На радость фон Кесселя и официальный обед прошел в том же духе. Будучи не в духе, Муссолини произнес всего несколько фраз. Гитлер, вместо овощей, грыз собственные ногти, нервно соединяя и разъединяя время от времени кисти рук. Не только фон Кессель, но и другие официальные лица в министерстве иностранных дел, включая самого министра, считали перспективу итало-германского союза после столетий неприязни и взаимного недоверия губительной для Германии. В ноябре 1936 года Муссолини, обозленный временными санкциями Лиги Наций в отношении Италии и ее неспособностью остановить Гитлера, впервые сказал о взаимоотношениях, «близких к оси», между Римом и Берлином. Фон Кессель надеялся, что эта «ось» останется фикцией.

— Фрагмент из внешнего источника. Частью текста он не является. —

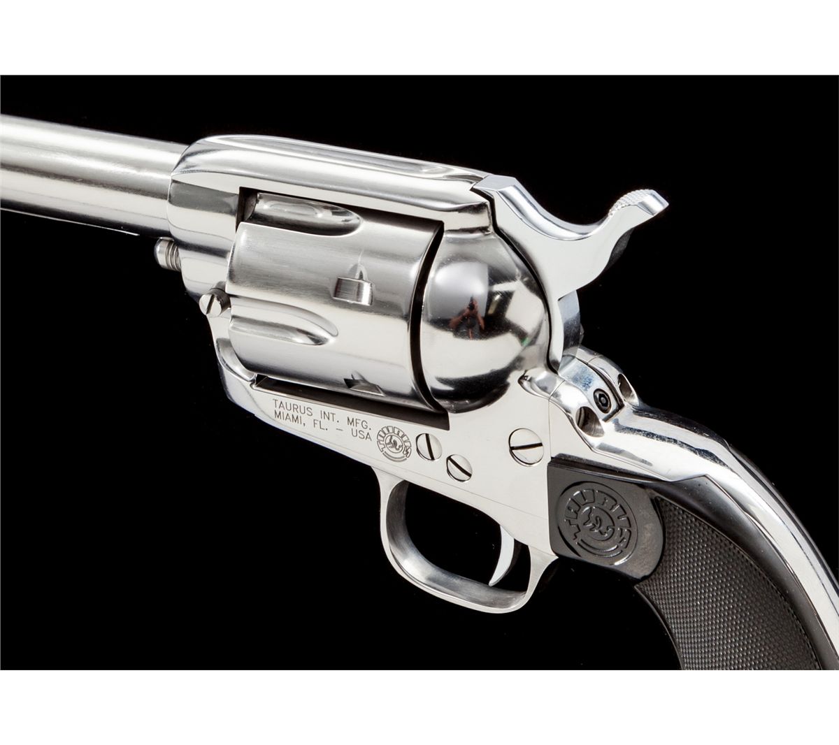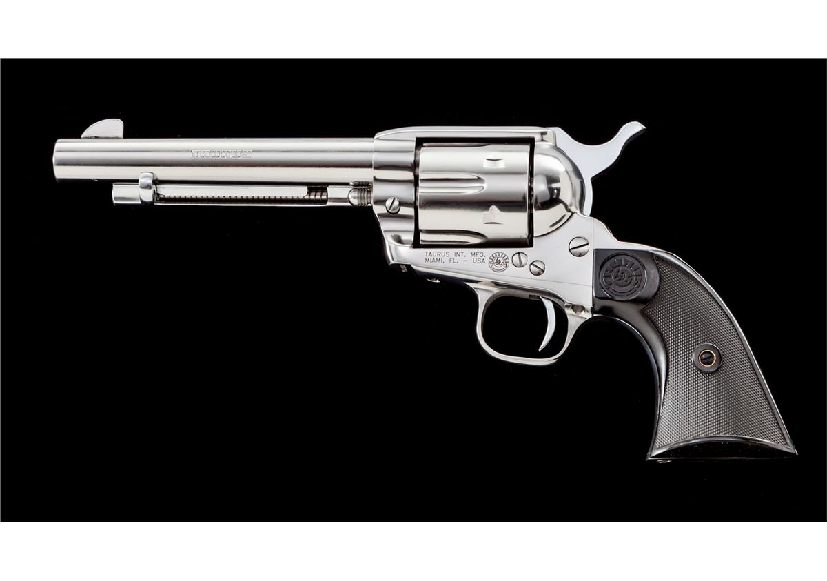 Taurus Single Action Revolver, #YE301508, .45 Colt cal., 5-1/2'' barrel, polished stainless steel finish, checkered black plastic grips, in original box. Condition is excellent, appearing as new and unfired. Est.: $500-$750. (Modern)
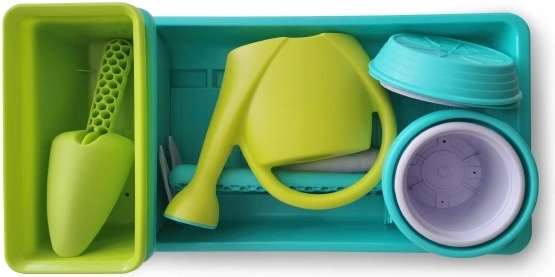 El paquete incluye macetas de varios tamaños, mini jardineras, así como una práctica regadera y herramientas, para que los niños puedan sembrar, trasplantar y regar como auténticos jardineros.
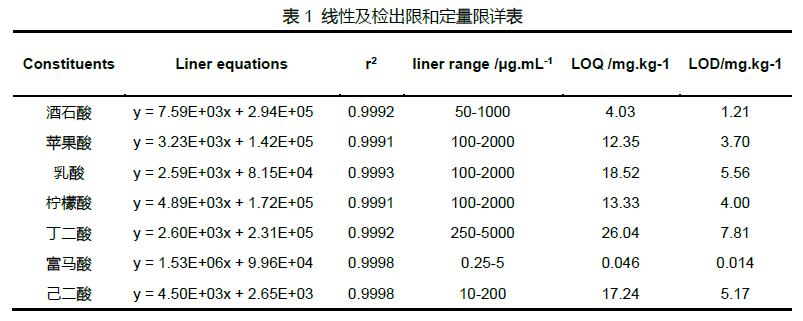 依据国标方法对标准曲线进行绘制。如图3~9所示,酒石酸、苹果酸、乳酸、柠檬酸、丁二酸、富马酸和己二酸在标曲浓度范围内均得到良好线性,相关系数R2均在0.999以上(见表1),符合国标中检量线和定量限要求。
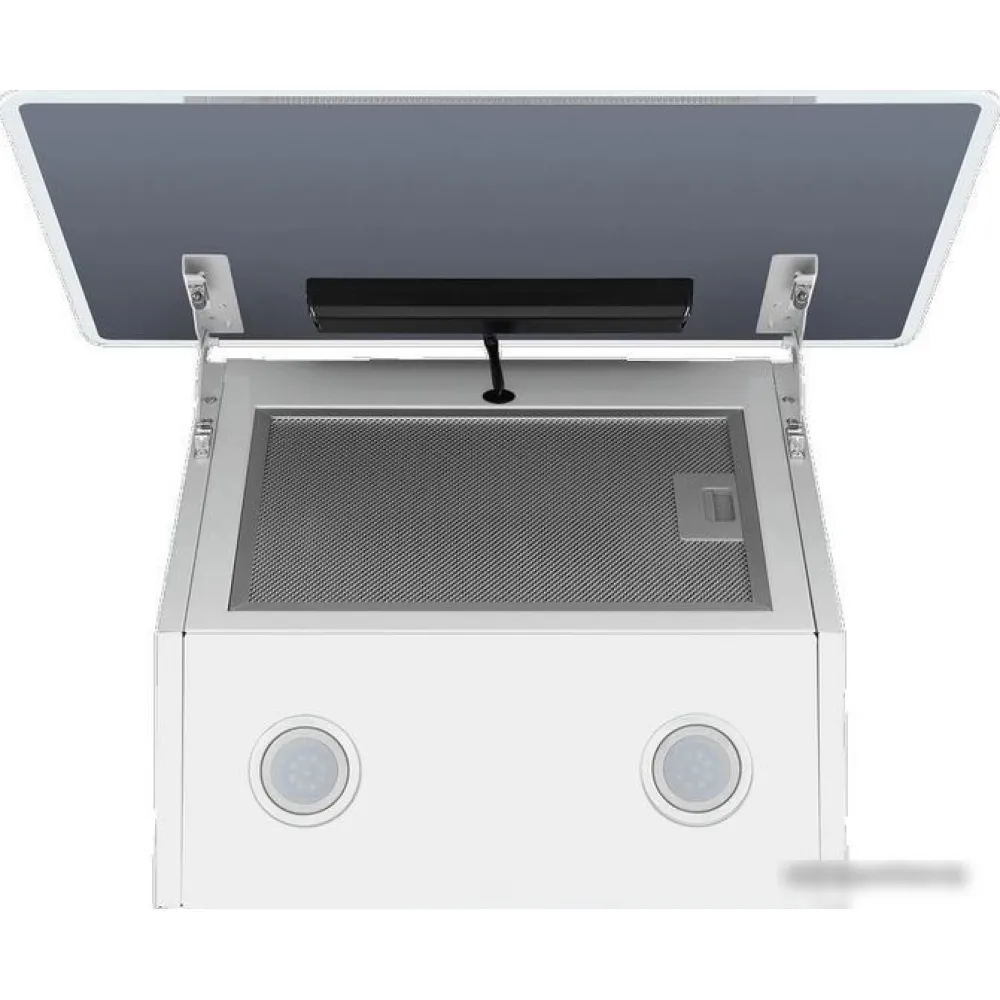 конструкция наклонная, монтаж настенный, ширина 60 см, управление сенсорное, производительность мотора 850 м?/ч, цвет белый
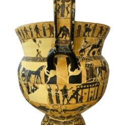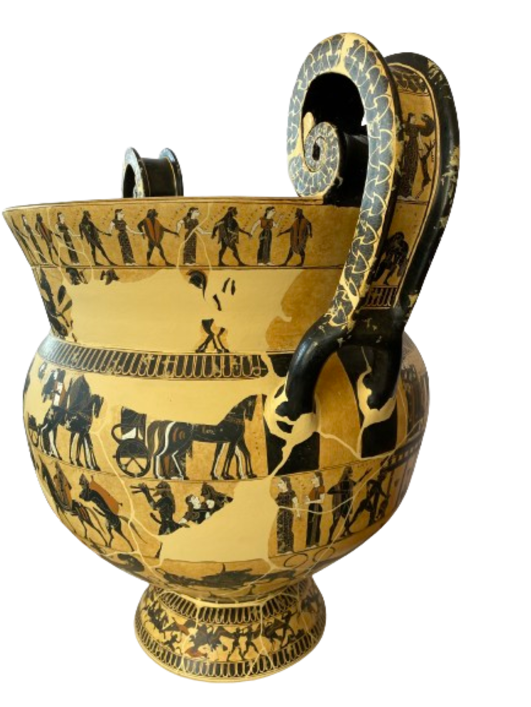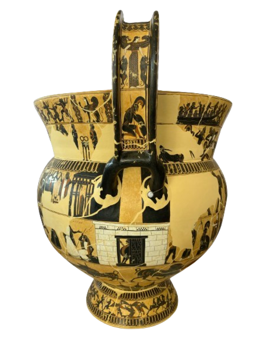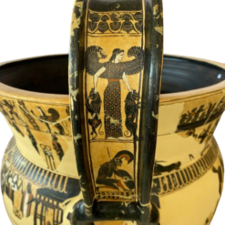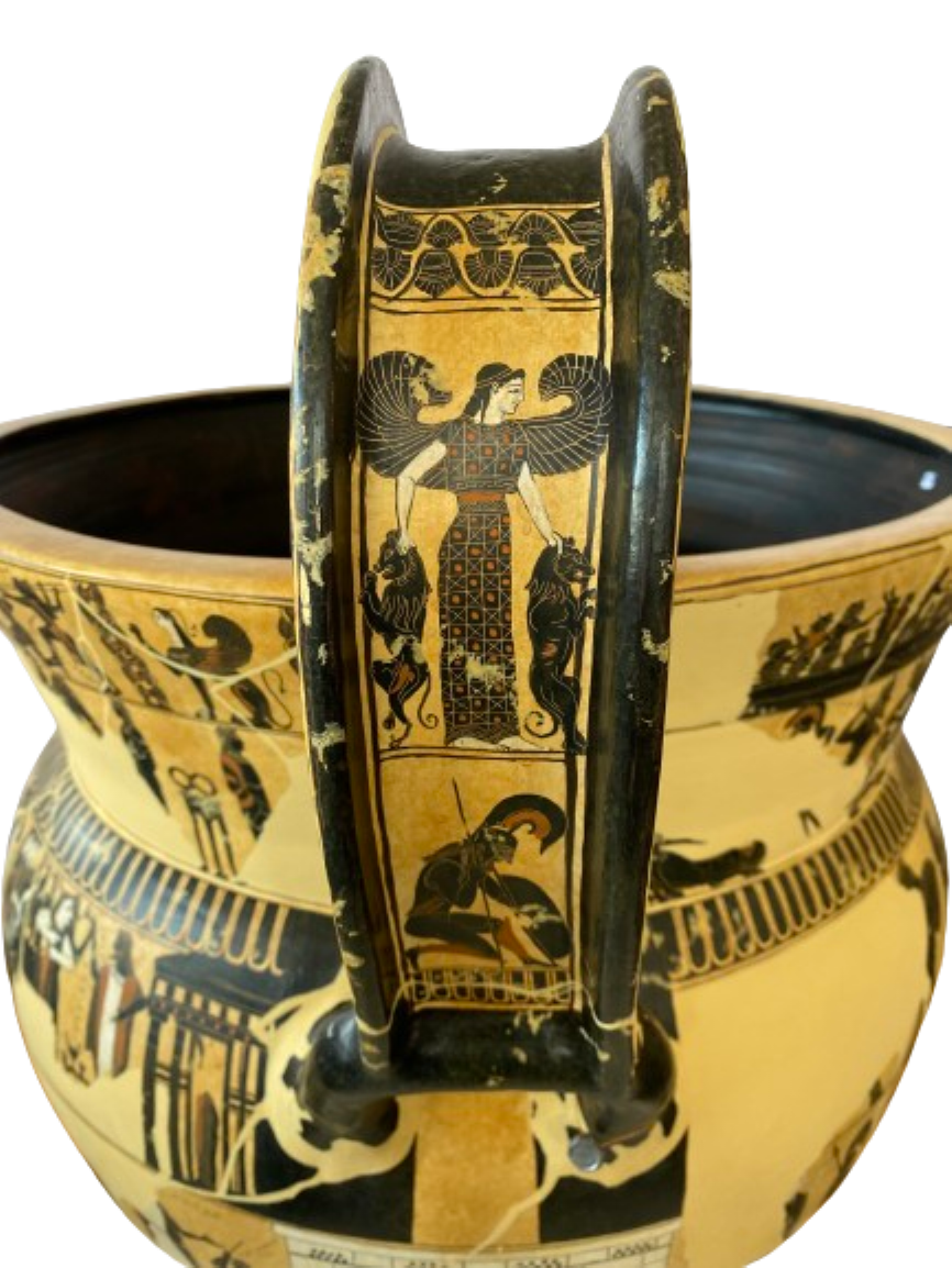 The handles are decorated as well, showing on their outer sides the so-called Mistress of Animals above a vignette showing Ajax carrying the dead Achilles. The fields on the inner sides of the handles above the rim of the pot each feature a Gorgon in motion.
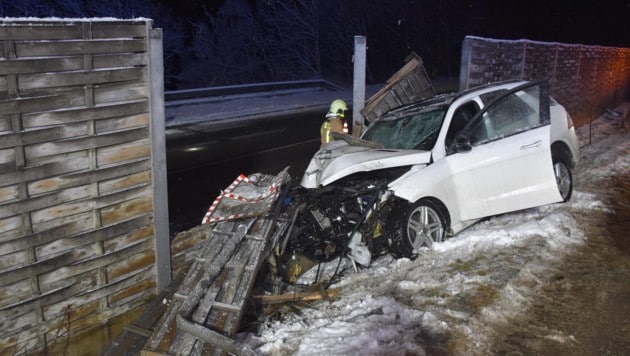 Zum Unfallzeitpunkt herrschten winterliche Bedingungen. „Der Wagen schlitterte folglich auf einer Länge von 80 bis 100 Metern über das Bankett, wobei ein Baum und ein Verkehrsspiegel beschädigt bzw. ausgerissen wurden“, so die Ermittler weiter. Letztlich krachte das Fahrzeug mit voller Wucht gegen eine Lärmschutzwand.
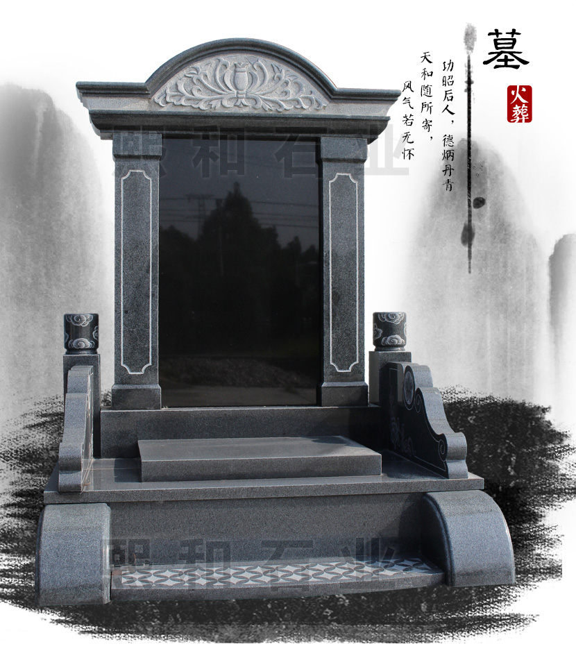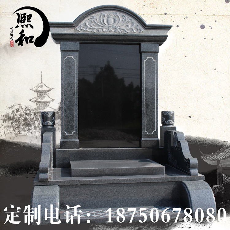 样 品材质采用最常用的山西黑和芝麻黑的材料搭配,整体色调都是偏深色调,给人庄严肃穆的感觉。碑帽是植物的浮雕,碑柱则是线雕形式。栏杆的线条显得非常有现 代感。此款墓碑长1.2米宽1米高1.5米一般来说,盖板和栏杆比较常做的材料也是芝麻黑,但样品使用的是山西黑的,使得整个款型档次有所提升。
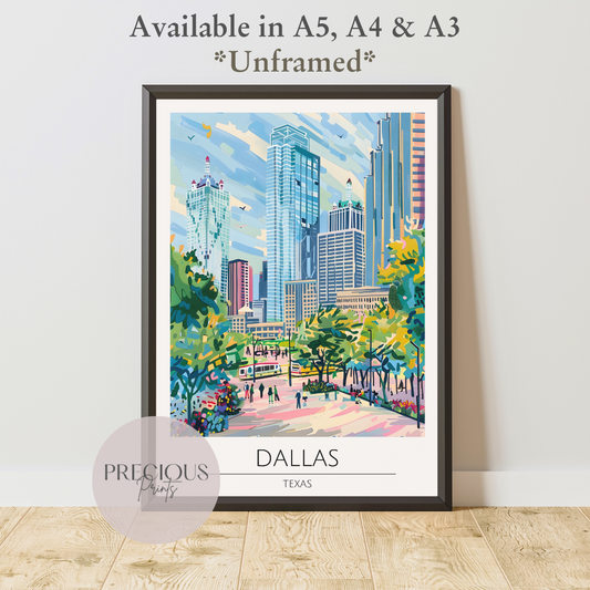 Texas, Dallas Travel Print Poster / Vintage Wall Art / A5 A4 A3 / Unframed

И все же, как фон Кессель потом вспоминал, он оказался «свидетелем трагедии — рождения «оси». По площади шеренга за шеренгой прошли две тысячи штурмовиков в коричневых рубашках и эсэсовцев — в черных, печатая шаг и горланя песню «Германия превыше всего».
«Белокурые бестии выглядели как молодые бычки, от вида которых лицо Муссолини просияло», — добавил затем фон Кессель.
Дуче, сам большой мастер блефа, отреагировал на этот марш, как и рассчитывал Гитлер. Будучи всю свою жизнь довольно слабым человеком, поклонявшимся силе, он увидел в Гитлере лицо, персонифицирующее мускулы и мощь, личность, которая может заставить трепетать весь мир, как об этом когда-то мечтал одиннадцатилетний Бенито Муссолини.
Со времени той апокалипсической ночи на балконе дворца Венеция Муссолини был внутренне подготовлен к такому развитию событий. Речи его день ото дня становились все воинственнее. А во время своей очередной поездки в Болонью он заявил:
— Оливковая роща мира проросла в лесу из восьми миллионов штыков.
Диктатор декретировал военную подготовку итальянских мальчишек начиная с шести лет и нелюбезно воспринял отказ пацифистски настроенного австрийского канцлера Курта фон Шушинга присутствовать на его военных маневрах. В интервью Джону Уайтекеру, представлявшему «Нью-Йорк геральд трибюн», Муссолини истолковал это следующим образом:
— В ближайшее время я предложу Гитлеру… сделать Австрию частью Германии. В 1934 году я мог разгромить его армию… сейчас уже нет.
— Каким вы видите будущее Италии в 1940 году, когда никакое объединение мировых держав не сможет противостоять Германии? — спросил журналист.
— К тому времени, — воскликнул Муссолини, ударив кулаком по крышке стола, — Италия станет союзницей Германии.
Когда Гитлер пригласил его посетить официально Третий рейх, это подняло у Муссолини дух собственного достоинства.
— Мы должны выглядеть в большей степени пруссаками, чем они сами, — возбужденно произнес он и тут же предложил троим портным разработать дизайн новой формы специально для приемов — мундир с высоким воротом, украшенный золотыми пуговицами. Беспристрастные наблюдатели отмечали, что дуче в последнее время чуть ли не по пять раз на дню менял свои шляпы и одежду, украшая ее одиннадцатью орденскими лентами.